If the scaling trend continues, we should begin preparing for a scenario in which models become sufficiently creative to not only automatically improve known methods but also replace human researchers in proposing entirely new research directions and original ideas, thereby driving the frontiers of AI forward on their own.
Code Singularity: Evolution of Capabilities Over Time
AI systems are implemented through software, and software is composed of code.
AI systems have fundamentally transformed the way code is produced. Two related trends underlie this: on one hand, AI systems are becoming increasingly adept at writing complex, real-world code; on the other hand, they are also growing better at chaining together numerous linear coding tasks with minimal human oversight—such as writing code and then testing it.
Two typical examples illustrating this trend are SWE-Bench and the METR time horizons plot.
Solve real-world software engineering problems
SWE-Bench is a widely used programming benchmark designed to evaluate AI systems' ability to resolve real GitHub issues.
When SWE-Bench was launched at the end of 2023, the best-performing model at the time was Claude 2, with an overall success rate of only about 2%. In contrast, Claude Mythos Preview has now achieved a score of 93.9%, nearly reaching the maximum possible score on this benchmark.
Of course, all benchmarks inherently contain some noise, so it's common to reach a point where, once scores become high enough, the limitations you encounter are no longer due to the method itself, but rather the limitations of the benchmark. For example, in the ImageNet validation set, approximately 6% of the labels are incorrect or ambiguous.
SWE-Bench can be regarded as a reliable metric for measuring general programming ability and the impact of AI on software engineering. Clark said that most people he has encountered at leading AI labs and in Silicon Valley now write code almost entirely through AI systems, and an increasing number are using AI systems to write tests and review code.
In other words, AI systems have become powerful enough to automate a key component of AI research, significantly accelerating the work of all human researchers and engineers involved in AI development.
Measure the ability of AI systems to complete long-duration tasks
METR created a chart to measure how complex tasks AI can accomplish, with complexity measured by the number of hours a skilled human would take to complete those tasks.
The most critical metric is the approximate time span of tasks at which the AI system achieves 50% reliability.
At this point, the progress has been remarkable:
In 2022, tasks that GPT-3.5 could complete were roughly equivalent to what a human would take 30 seconds to accomplish.
In 2023, GPT-4 reduced this time to 4 minutes.
· In 2024, o1 increased this time to 40 minutes.
· In 2025, GPT-5.2 High reached approximately 6 hours.
By 2026, Opus 4.6 has further extended this time to approximately 12 hours.
Ajeya Cotra, who works at METR and has long focused on AI forecasting, believes it is not unreasonable to expect that by the end of 2026, AI systems will be able to complete tasks equivalent to 100 hours of human effort.
The duration for which AI systems can operate independently has significantly increased, closely correlated with the surge in agentic coding tools. These agentic coding tools essentially productize AI systems capable of performing tasks on behalf of humans—they can act autonomously and make substantial progress on tasks over extended periods with minimal supervision.
This also redirects focus back to AI research itself. Carefully observing the daily tasks of many AI researchers reveals that a large portion of their work can be broken down into tasks lasting a few hours, such as data cleaning, data reading, and launching experiments.
And this type of work now falls within the scope of what modern AI systems can handle.
The more proficient the AI system becomes, the more it can operate independently of humans, thereby helping to automate parts of AI research.
The two main factors for task delegation are:
First, your confidence in the delegate's capabilities;
Second, you believe that the other party can independently complete the work according to your intentions without requiring your ongoing supervision.
When users observe AI's capabilities in programming, they find that AI systems are not only becoming increasingly proficient but also able to work independently for longer periods without requiring human recalibration.

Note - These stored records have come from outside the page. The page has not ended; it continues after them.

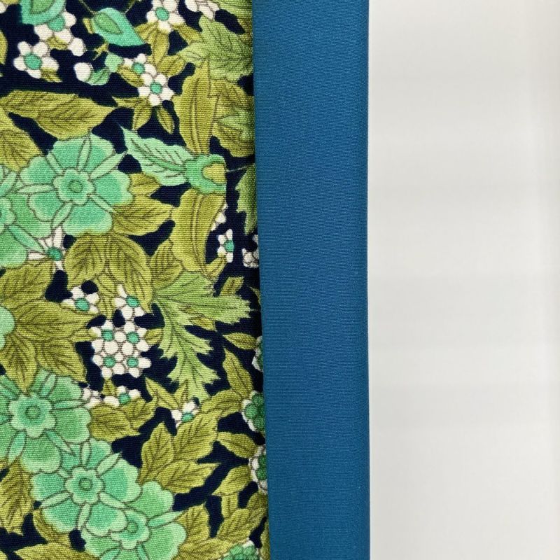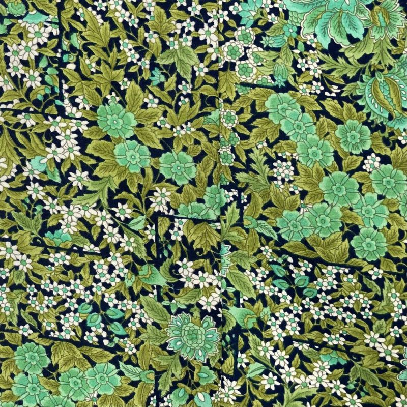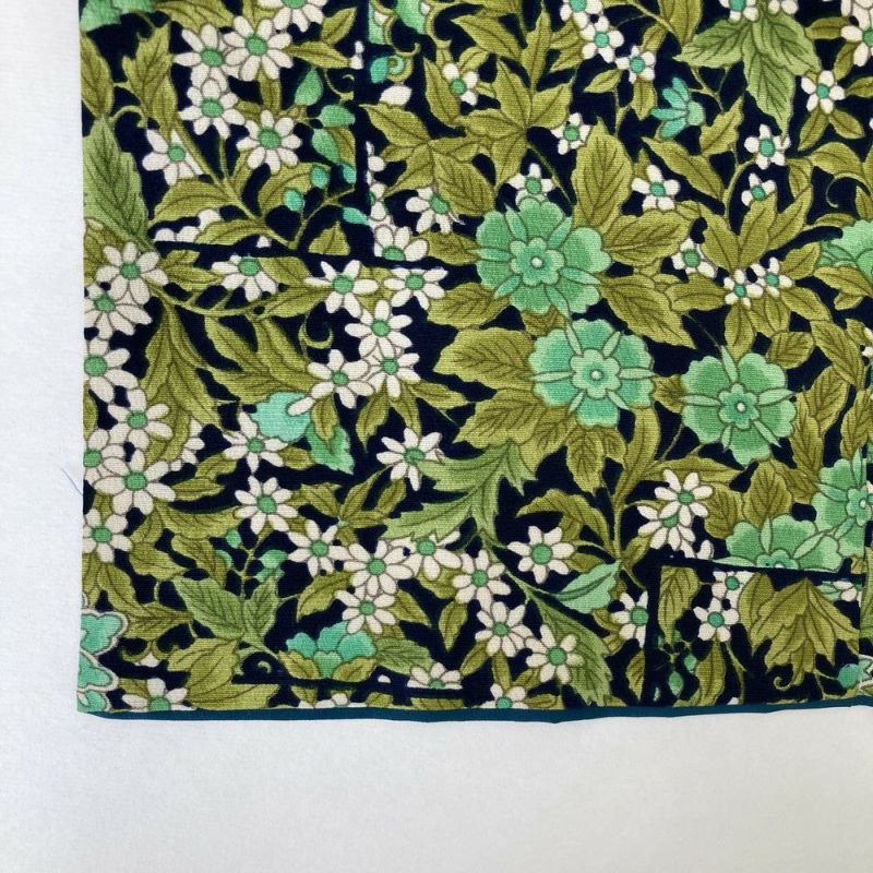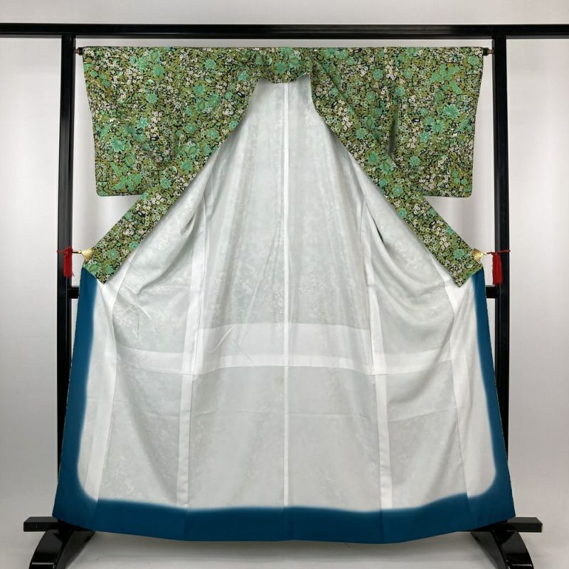 (中古)小紋 緑 小花柄 裏地ポリエステル 袷 S【身丈】156cm 【裄丈】64cm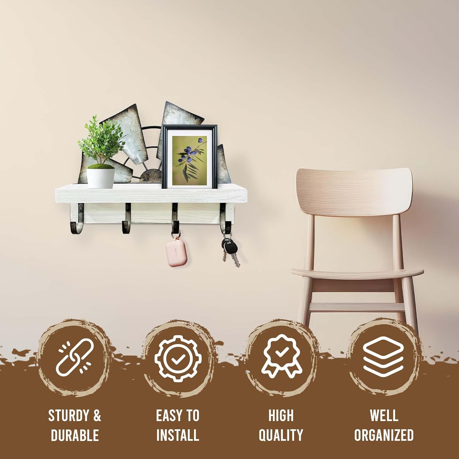 𝗦𝘁𝘂𝗿𝗱𝘆 & 𝗗𝘂𝗿𝗮𝗯𝗹𝗲: Crafted from high-quality white brushed wood, our 11.8” x 3.4” key and mail holder for wall features durable prong hooks and sturdy blade material. This wall shelf with hooks ensures your home is a clutter-free and organized space. It is a perfect key organizer wall mount.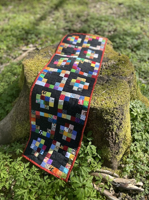 Forside » Gratis DIY og Inspiration » Patchworktæpper med danske bynavne 🇩🇰 » Dækkeservietter mm i stofrester efter bynavne tæpper » Ebberup løber her håndsyet over pap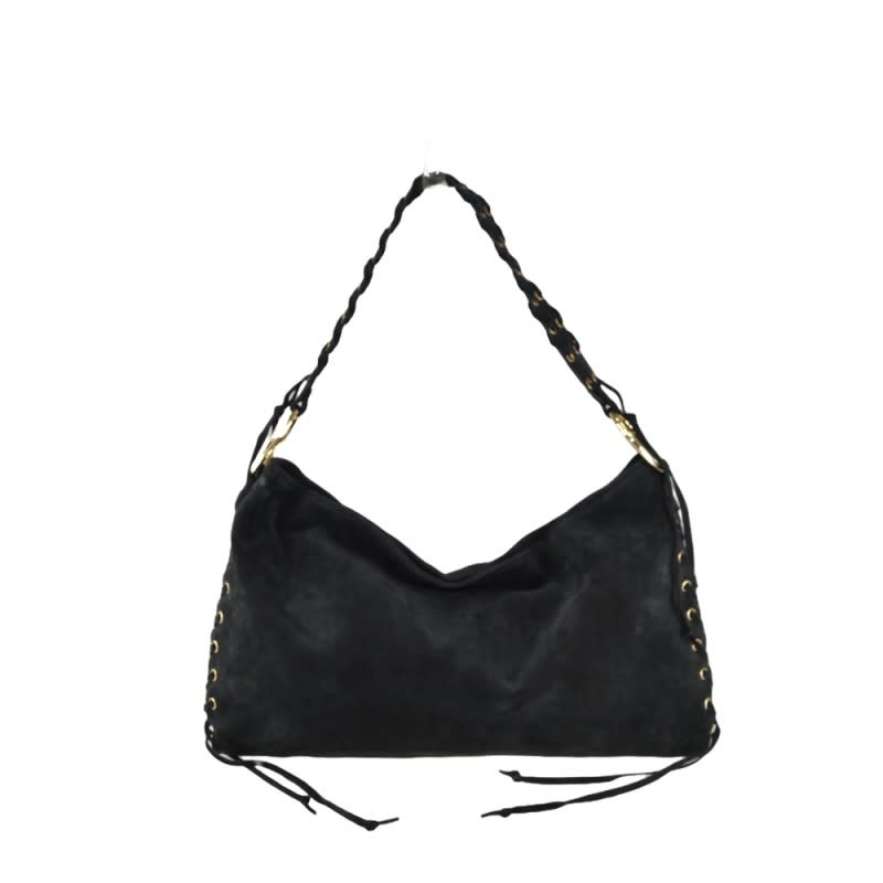 Create an accountThis gorgeous bag fits snugly under your arm for a comfortable over the should carry. A sturdy woven strap. Braiding down the side with suede tassels make this bag a little bit bohemian.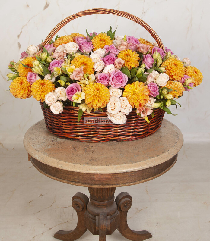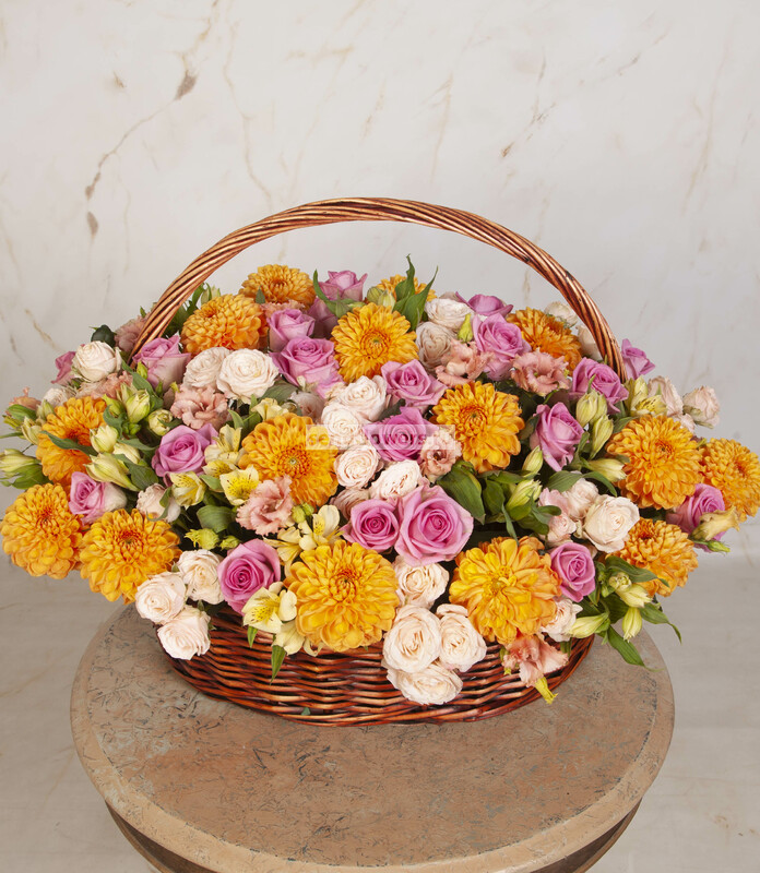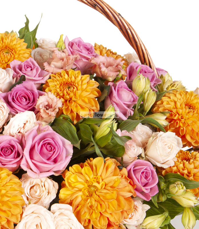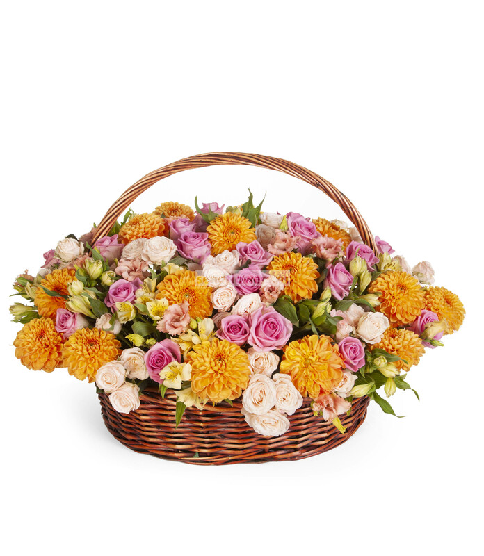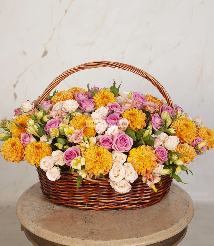 Состав: Корзина средняя (1), Салал (10), Оазис кирпич (6), Альстромерия желтая (10), Роза розовая (20), Роза Bombastic (5), Эустома кремовая (5), Хризантема одноголовая Rossano Orange (10)
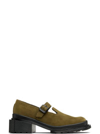 Suede Mary Jane-style loafers in khaki. · Square toe · Pin-buckle strap at vamp · Logo-embossed padded footbed · Rubber block heel · Cemented treaded Air Cushion rubber sole · Logo-engraved black hardware · Heel: H2" Supplier color: Olive Upper: leather. Sole: rubber. Made in Viet Nam 252399F120003
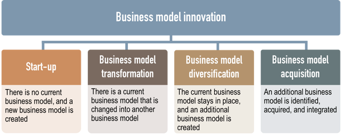 사업 모형 혁신은 조직이 새로운 비즈니스 모델을 만들거나 기존 비즈니스 모델을 변경하는 과정을 의미한다.[63][64] Massa와 Tucci(2014)는 사업 모형이 전혀 없는 경우 새로운 사업 모형을 만드는 것과 기존 사업 모형을 변경하는 것 사이에는 큰 차이가 있다고 강조했다.[40] 전자는 '사업 모형 설계', 후자는 '사업 모형 재구성'으로 지칭하며, 두 과정은 상호 배타적이지 않다고 설명했다.[40]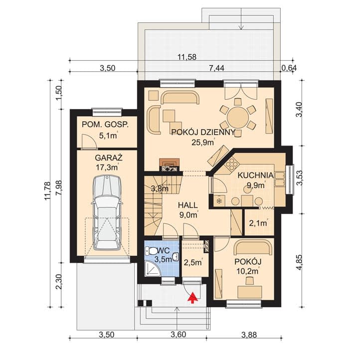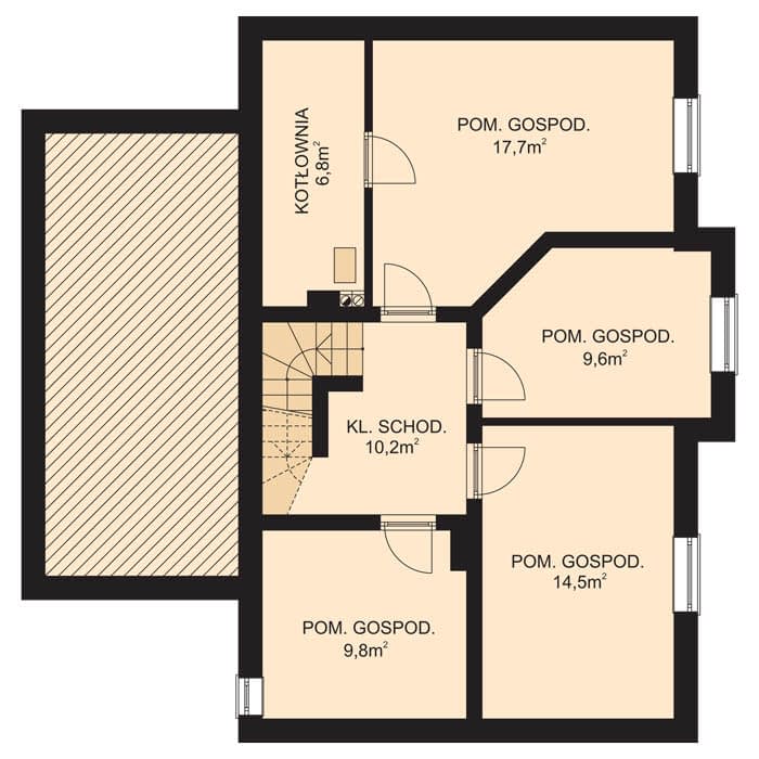 - KondygnacjeParterowy, z poddaszem, z piwnicą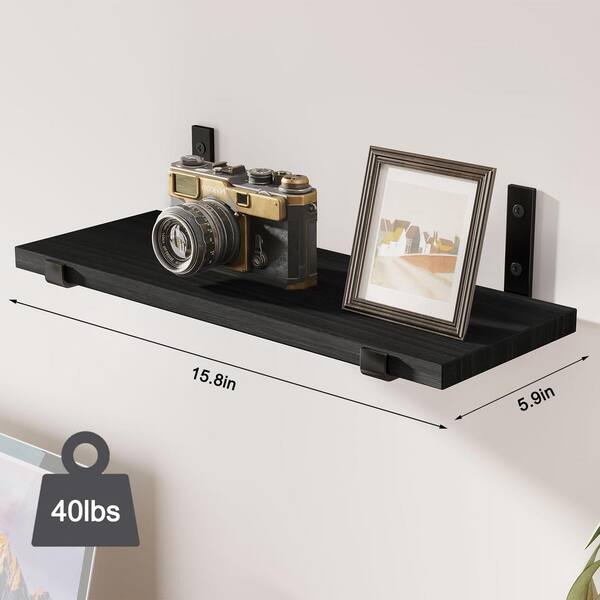 10-Pack 15.8 in. W x 0.6 in. H x 5.9 in. D Wood Rectangular Floating Shelf in Black for Bedroom, Kitchen and Bathroom

This aligns with what is happening around us, as engineers and researchers are entrusting increasingly large portions of their work to AI systems. As AI capabilities continue to improve, the tasks delegated to AI are becoming more complex and more critical.
AI is mastering the core scientific skills required for AI development.
Consider how modern scientific research is conducted: much of the work involves first defining a direction and identifying the type of empirical data desired; then designing and conducting experiments to generate that data; and finally validating the results for plausibility.
As AI programming capabilities continue to improve, combined with the growing world-modeling abilities of large language models, a new generation of tools has emerged that can accelerate human scientists and partially automate certain stages across a broader range of research and development scenarios.
Here, we can observe the pace of AI’s progress in several key scientific skills—skills that are themselves essential to AI research:
First, reproduce the research results;
Second, integrate machine learning techniques with other methods to solve technical problems;
Third, optimize the AI system itself.
Complete the entire scientific paper and conduct the associated experiments.
A core task in AI research is reading scientific papers and reproducing their results. In this area, AI has made significant progress across a range of benchmarks.
A good example is CORE-Bench, the Computational Reproducibility Agent Benchmark.
This benchmark requires an AI system to reproduce the results of a paper given the paper itself and its code repository. Specifically, the agent must install the relevant libraries, packages, and dependencies, run the code; if the code executes successfully, it must then locate all output results and answer the questions posed in the task.
CORE-Bench was introduced in September 2024. At that time, the top-performing system was the GPT-4o model running on the CORE-Agent scaffold, achieving a score of approximately 21.5% on the most challenging set of tasks.
By December 2025, one of the authors of CORE-Bench announced that the benchmark had been solved: the Opus 4.5 model achieved a score of 95.5%.
Build a complete machine learning system to solve Kaggle competition problems.
MLE-Bench is a benchmark built by OpenAI to evaluate AI systems' ability to participate in Kaggle competitions in an offline environment.
It covers 75 different types of Kaggle competitions across multiple domains, including natural language processing, computer vision, and signal processing.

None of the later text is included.